This post is prompted by something Jack Baty posted, and so is kind of directed toward him, but is more about blogging in general. In his post, Jack mentions that his posts are more widely and automatically distributed by way of RSS and his micro.blog account. And his post suggests that this wider dissemination has made him somewhat self-conscious about his writing. His reaction is to default to not "syndicating" his content via RSS ("really simple syndication").

The marmot is similarly re-distributed by way of micro.blog, to my Mastodon account.

I'm ambivalent about Mastodon, but I'm willing to participate, largely as a guest of the kind and generous Rob Fahrni, who runs a small instance at curmudgeon.cafe.

I've been blogging a long time. I'm pretty sure Jack's been blogging nearly as long. Maybe longer? Writing online is a public act. I am self-conscious as I do it, and from time to time it can be uncomfortable. Writing in an offline tool like Tinderbox makes "publishing" a more deliberate process. (Offline in the sense that my posts aren't as "live" as they might be if I were writing in the browser. Tinderbox can be as connected to the web as you want it to be. See here.)

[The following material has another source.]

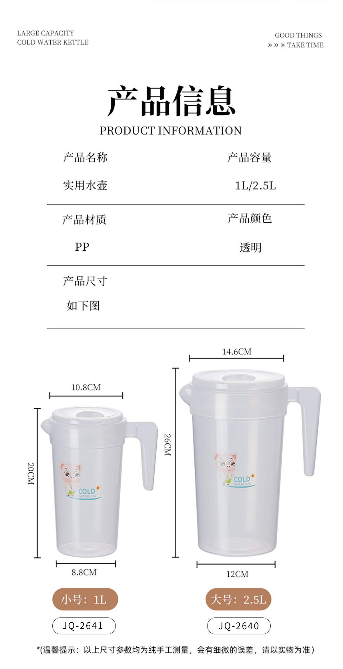 Size: JQ-2640(大號(hào)):146*120*260mm/2.5L JQ-2641(小號(hào)):108*88*200mm/1L

In my now former blog, Groundhog Day, which still exists as a large Tinderbox document here in marmot central, I had a container called "The cooler." I'd start writing an angry post and think twice about it and park it in the cooler to think about it before I posted it. There's a lot of stuff in "the cooler," much of it unfinished. I'm inclined to believe it's no great loss to the world that it never felt the delicate touch of Google's robot crawlers.

In the marmot, one of the Displayed Attributes ("Properties," Obsidian, take note.) in each post is a boolean checkmark HTMLDontExport. After writing a post, I can preview how it will appear online. Reading it in Preview helps in editing. Spelling errors or awkward construction that were missed in the main editing view become more apparent. If I'm confident I'm not going to utterly embarrass myself, I then tick the HTMLDontPublish check box and export the marmot. Only thing left to do at that point is sync the folder to the server, which I haven't automated yet.

So posting is a fairly deliberate act, with a fair amount of "friction" that allows me to kind of check my inclination to be glib or snarky. It sometimes doesn't work, but trust me, you don't see the worst of my online self. That guy was mostly on Facebook and Twitter, and I didn't care for him much either.

But the point of having a blog is to share those thoughts, not hide them. And publicly sharing thoughts and ideas can be a fraught thing. Ego is involved, vulnerability, our old friends Dunning and Krueger, the chance to be publicly foolish or wrong. I mean, if you're not a little self-conscious, you're probably doing it wrong.

So having gone to the trouble of buying a domain name, paying for hosting, writing a post and publishing it, yeah, put it out there!

RSS is a superpower. Back in the early days, blogrolls were kind of two things. One was to show who you read and thought was worth sharing. The other was a convenient list of bookmarks you could visit, even if you were away from your own browser, to see if they'd posted anything new. With RSS, that "discovery" portion is centralized and simplified for you.

But RSS is also an enabling technology, a glue-layer or wedge that other services, like micro.blog and Mastodon can leverage, so why not take advantage of it?

And besides, nobody cares about your blog.

Embrace the RSS. Cast your posts to the wind!